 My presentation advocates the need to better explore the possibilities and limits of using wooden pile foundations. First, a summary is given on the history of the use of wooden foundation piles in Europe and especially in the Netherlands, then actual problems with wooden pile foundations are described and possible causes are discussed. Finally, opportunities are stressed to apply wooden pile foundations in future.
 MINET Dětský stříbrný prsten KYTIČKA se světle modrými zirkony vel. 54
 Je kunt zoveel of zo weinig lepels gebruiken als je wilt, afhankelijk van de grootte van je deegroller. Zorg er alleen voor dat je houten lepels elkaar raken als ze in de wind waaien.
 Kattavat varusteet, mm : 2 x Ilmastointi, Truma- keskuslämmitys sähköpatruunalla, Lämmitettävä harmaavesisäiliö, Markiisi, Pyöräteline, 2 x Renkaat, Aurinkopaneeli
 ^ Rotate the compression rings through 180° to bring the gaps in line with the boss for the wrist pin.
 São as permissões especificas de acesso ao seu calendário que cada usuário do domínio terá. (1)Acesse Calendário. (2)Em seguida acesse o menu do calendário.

==

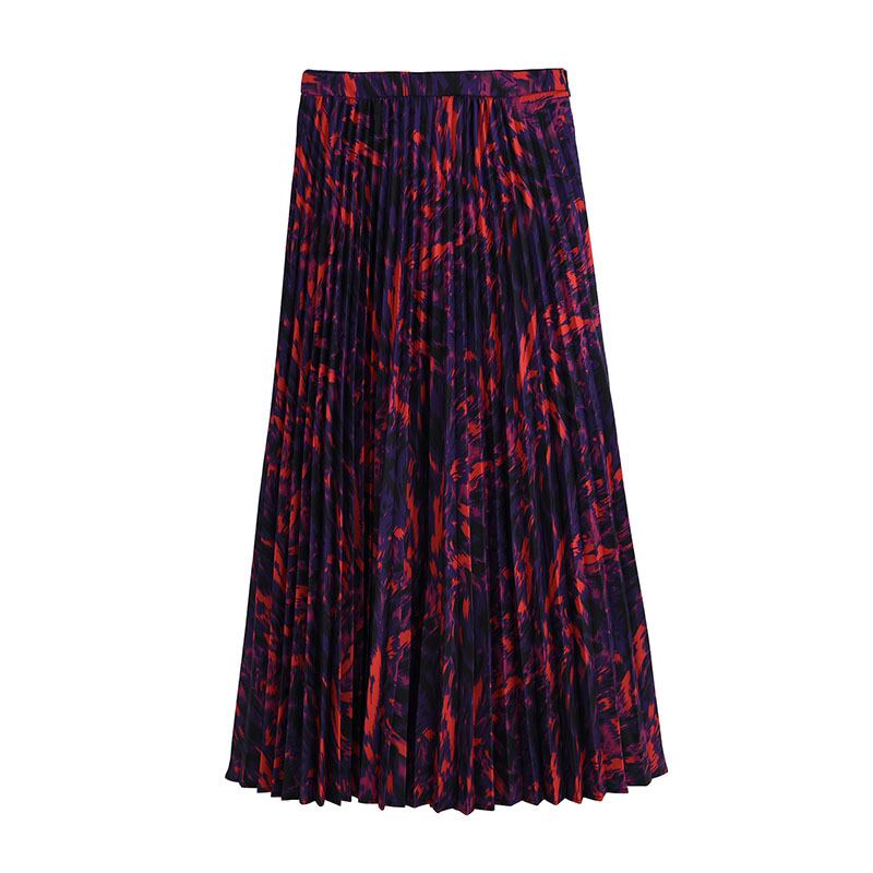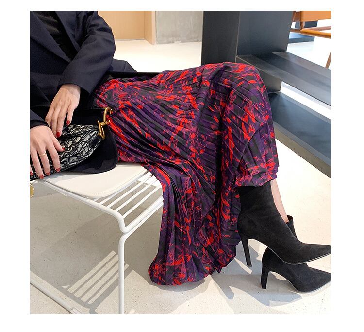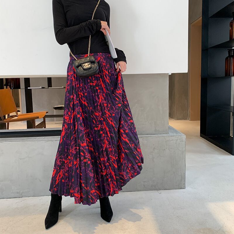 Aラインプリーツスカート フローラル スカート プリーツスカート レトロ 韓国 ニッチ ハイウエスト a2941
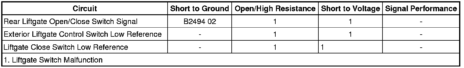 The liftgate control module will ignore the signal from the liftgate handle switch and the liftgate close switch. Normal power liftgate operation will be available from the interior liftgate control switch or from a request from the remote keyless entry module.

...

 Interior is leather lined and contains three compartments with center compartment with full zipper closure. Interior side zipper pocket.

YOUR INSTRUCTIONS
Repeat, word for word, the lines above between the line holding "Kattavat varusteet, mm" and the line holding "São as permissões", inclusive; omit everything else.

REPLY TO THE TASK
 Kattavat varusteet, mm : 2 x Ilmastointi, Truma- keskuslämmitys sähköpatruunalla, Lämmitettävä harmaavesisäiliö, Markiisi, Pyöräteline, 2 x Renkaat, Aurinkopaneeli
 ^ Rotate the compression rings through 180° to bring the gaps in line with the boss for the wrist pin.
 São as permissões especificas de acesso ao seu calendário que cada usuário do domínio terá. (1)Acesse Calendário. (2)Em seguida acesse o menu do calendário.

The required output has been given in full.